## [What is expected]
Pictures are to be left out. Return exactly the lines below from the one with "黄小姐悬浮杯无肩带内衣女夏季薄款防滑聚拢抹胸隐形无痕文胸罩" up to and including the one with "This bingo card".

Records from a data source
┌──

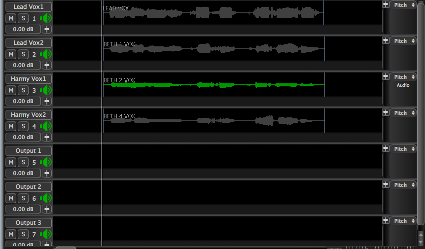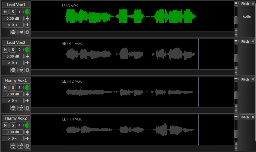 Example Session - 2 lead vocal tracks and 2 harmony vocal tracks
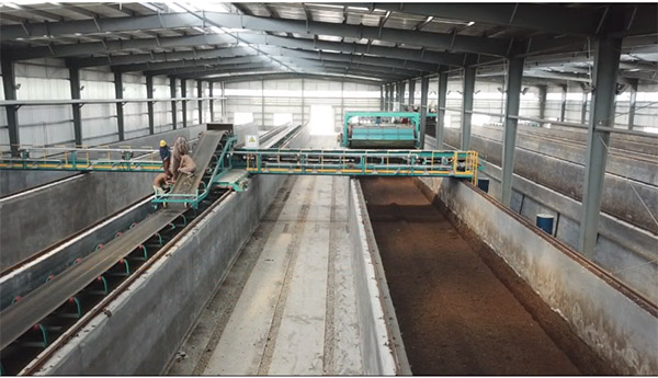 本次牛糞全套有機(jī)肥料設(shè)備生產(chǎn)工藝采用槽式好氧發(fā)酵,利用翻堆槽發(fā)酵既干凈又能最大化的利用有限的場(chǎng)地,增加糞便處理量。由于客戶對(duì)于顆粒有機(jī)質(zhì)含量以及NPK有特殊要求,因此我們?yōu)榭蛻魧iT定制了一臺(tái)三倉的靜態(tài)配料系統(tǒng)。
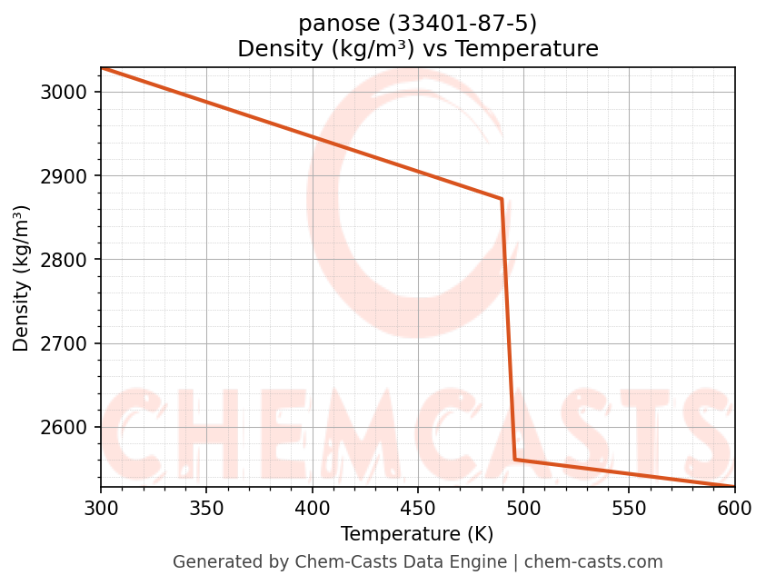 This page presents the temperature-dependent thermodynamic and transport properties of panose (CAS 33401-87-5) calculated at a constant pressure of 1 atm (101325 Pa) over the temperature range 250-500 K.
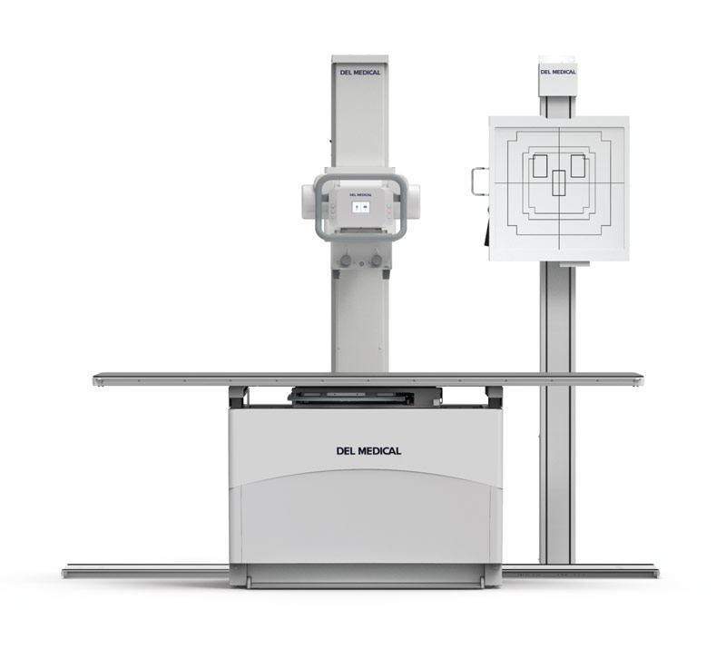 The DEL MEDICAL FMT System offers an economical, compact design ideal for hospital radiology departments, medical imaging centers, and orthopedic facilities looking to maximize space and avoid costly room modifications. The secure 10 ft (3 m) floor-mounted rail allows for effortless longitudinal travel and quick positioning. 8 ft (2.4 m) and 12 ft (3.7 m) rails are also available.
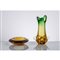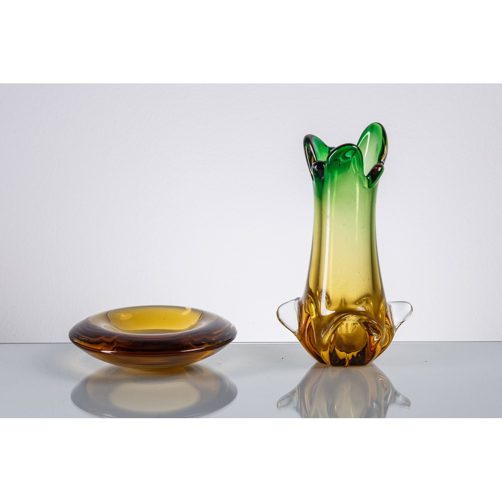 Un vaso in vetro sommerso, corpo informale con decori a rilievo nella parte inferiore, bocca trilobata con angoli arrotondati, nei toni ambra e verde. Una ciotola in vetro sommerso nei toni ambra, corpo circolare con interno concavo. Uno firmato all’acido.
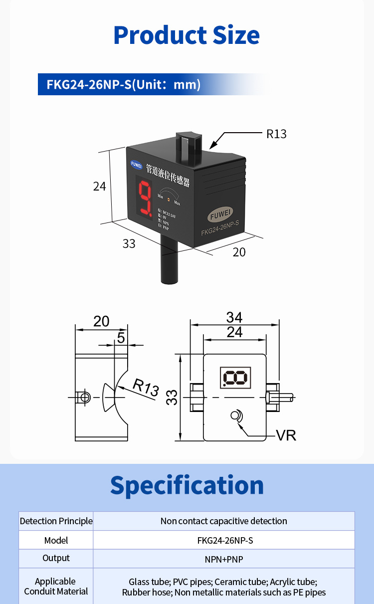 FKG24-26NP series Pipe Liquid Level Sensor Capacitive principle, not easily affected by pipe material
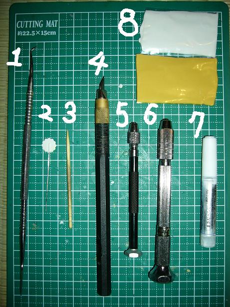 5・6.ピンバイスです。タミヤです。体の骨組みで針金をエポパテに通すときに使っています。針金は1mmのものを使っています。
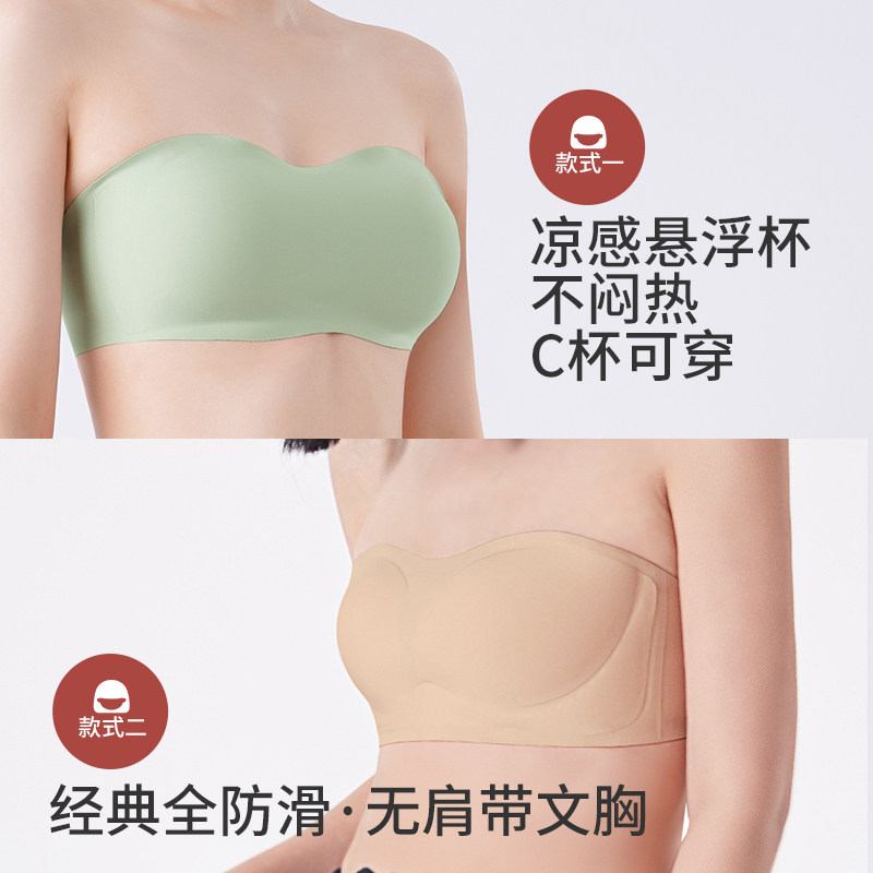 黄小姐悬浮杯无肩带内衣女夏季薄款防滑聚拢抹胸隐形无痕文胸罩
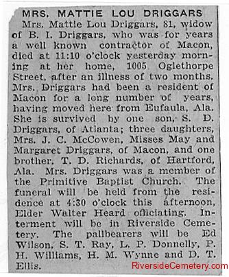 Son: S. D. Driggars Daughters: Mrs. J. C. McCowen, May Driggars, Margaret Driggars Brother: T. D. Richards
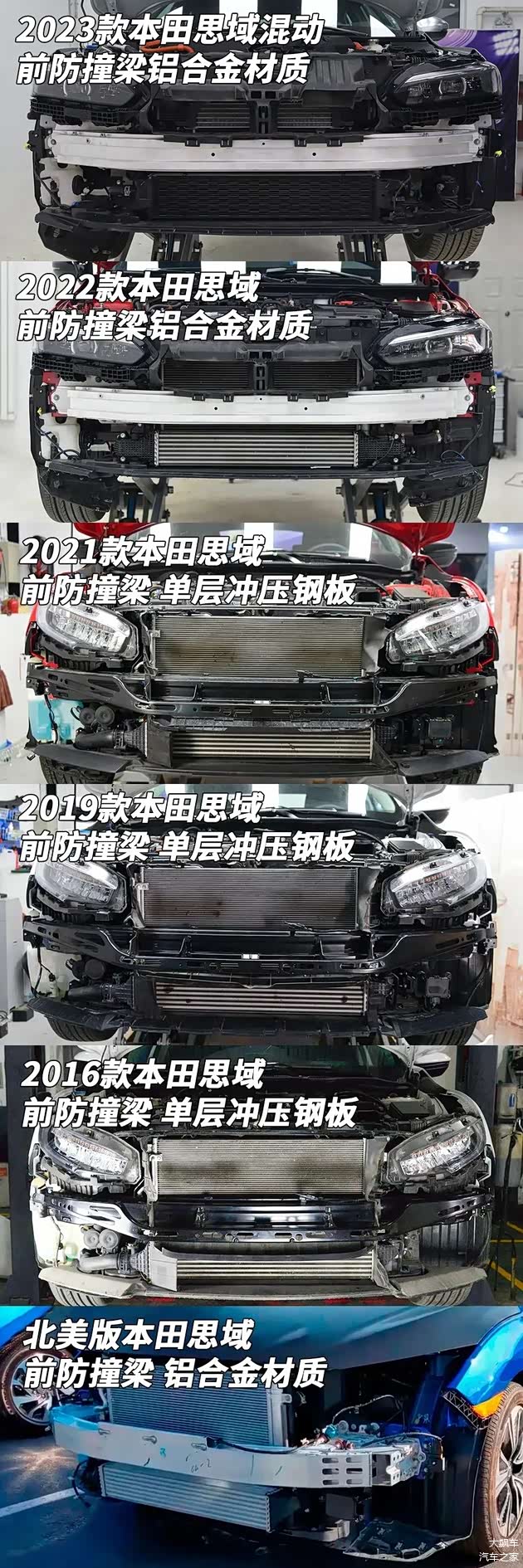 十一代之前拆过的国产思域,都是单层冲压钢板前防撞梁,而美国版早就是铝合金,现在的思域在前防撞梁方面,终于与国际接轨了,终于不区别对待了。
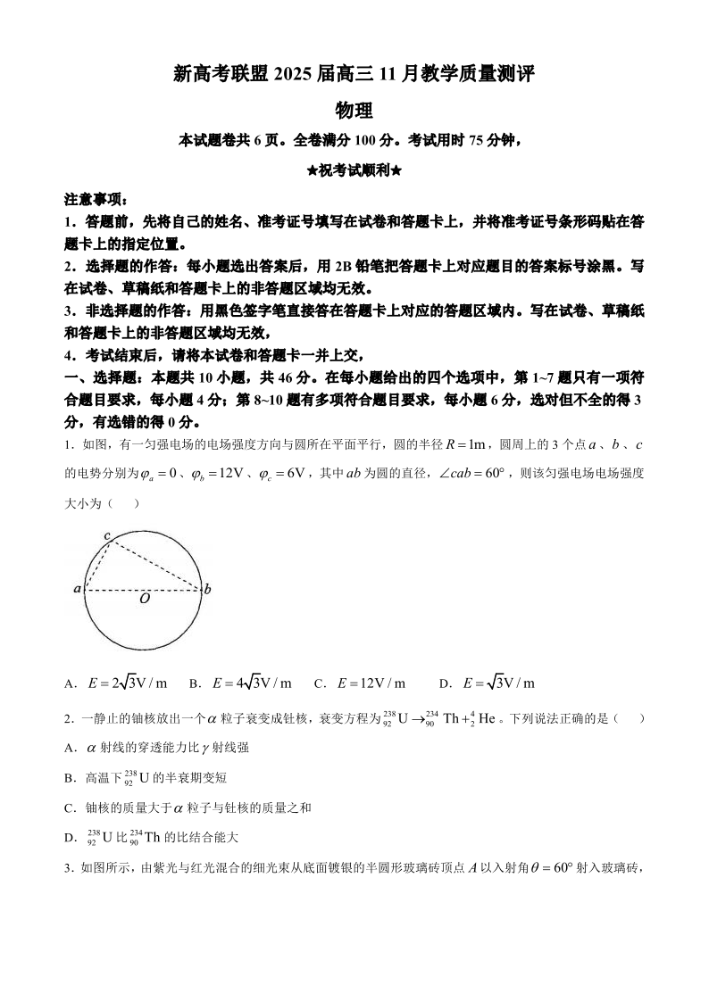 湖北省华大新高考联盟2025届高三11月教学质量测评物理+答案
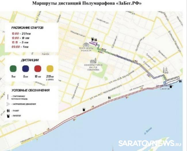 В центре Саратова временно ограничат движение транспорта в связи с проведением полумарафона ЗаБег.РФ
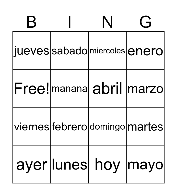 This bingo card has 16 words: lunes, martes, miercoles, jueves, viernes, sabado, domingo, hoy, Free!, manana, ayer, enero, febrero, marzo, abril and mayo.
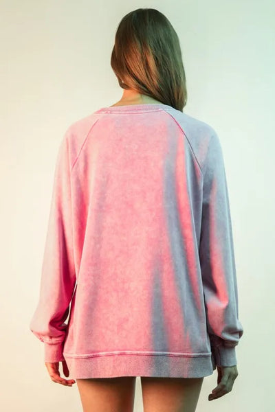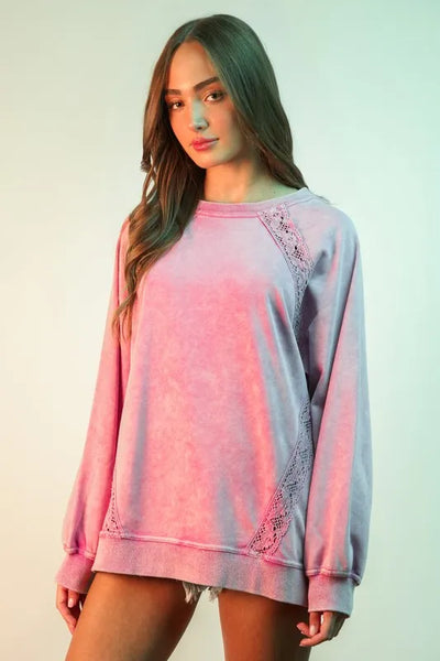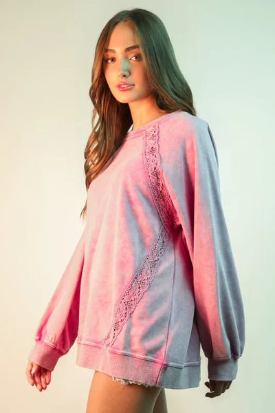 A lace trim detail mineral washed knit top is a lovely and unique piece that combines feminine lace accents with a vintage-inspired mineral washed look. The delicate lace trim adds a touch of elegance and sophistication to the relaxed and comfortable knit fabric. This top can be dressed up with a skirt and heels for a stylish outfit or dressed down with jeans and flats for a casual yet chic look. It is a versatile piece that can easily transition from day to night.

└──

## [Result of the task]
 黄小姐悬浮杯无肩带内衣女夏季薄款防滑聚拢抹胸隐形无痕文胸罩
 Son: S. D. Driggars Daughters: Mrs. J. C. McCowen, May Driggars, Margaret Driggars Brother: T. D. Richards
 十一代之前拆过的国产思域,都是单层冲压钢板前防撞梁,而美国版早就是铝合金,现在的思域在前防撞梁方面,终于与国际接轨了,终于不区别对待了。
 湖北省华大新高考联盟2025届高三11月教学质量测评物理+答案
 В центре Саратова временно ограничат движение транспорта в связи с проведением полумарафона ЗаБег.РФ
 This bingo card has 16 words: lunes, martes, miercoles, jueves, viernes, sabado, domingo, hoy, Free!, manana, ayer, enero, febrero, marzo, abril and mayo.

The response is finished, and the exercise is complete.